■ Task goal: Down to the last line, print the data that follows exactly, without its pictures.

■ Collected data:
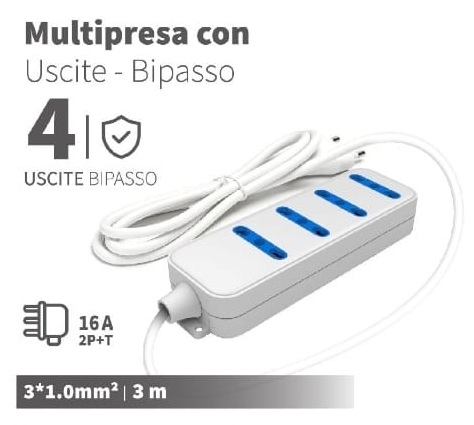 MULTIPRESA A 4 USCITE 16A 250V MAX 3680W 3M
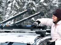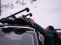 - Montera skidhållaren på ett stabilt takräcke
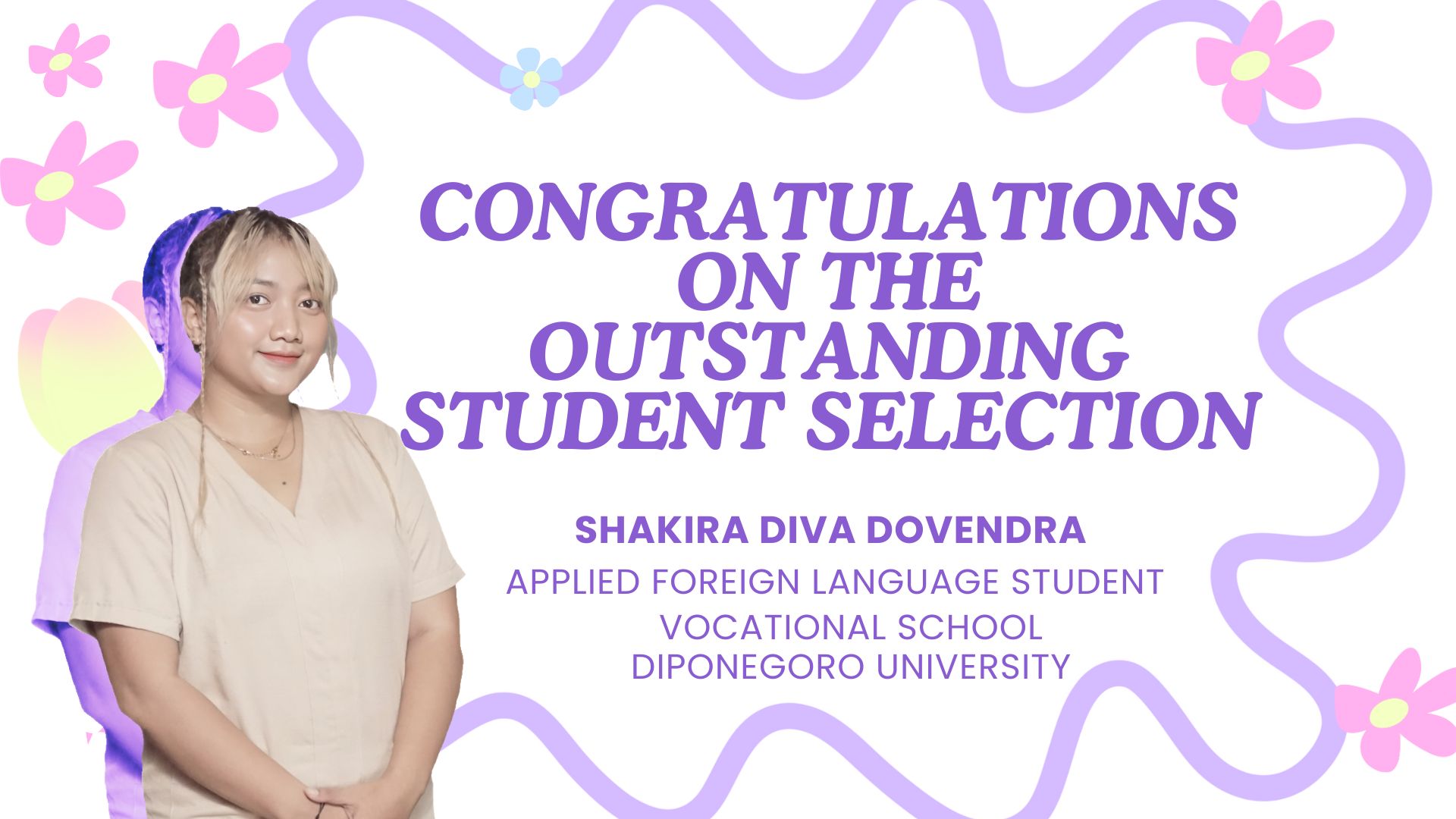 Shakira Diva Dovendra, mahasiswa Bahasa Asing Terapan semester 6, berhasil mendapat peringkat 1 dalam pemilihan Mahasiswa Berprestasi Sekolah Vokasi 2024. Kegiatan Pemilihan Mahasiswa Berprestasi (Pilmapres) berlansung pada 23 Februari 2024.
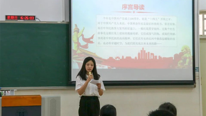 肖经聪老师充分肯定了学生们的精彩演出,强调了重温红色经典的重要意义,并鼓励全体同学正值青春韶华,要奋勇前进,让世界见证中国青年的力量。

■ Answer box:
 MULTIPRESA A 4 USCITE 16A 250V MAX 3680W 3M
 - Montera skidhållaren på ett stabilt takräcke
 Shakira Diva Dovendra, mahasiswa Bahasa Asing Terapan semester 6, berhasil mendapat peringkat 1 dalam pemilihan Mahasiswa Berprestasi Sekolah Vokasi 2024. Kegiatan Pemilihan Mahasiswa Berprestasi (Pilmapres) berlansung pada 23 Februari 2024.
 肖经聪老师充分肯定了学生们的精彩演出,强调了重温红色经典的重要意义,并鼓励全体同学正值青春韶华,要奋勇前进,让世界见证中国青年的力量。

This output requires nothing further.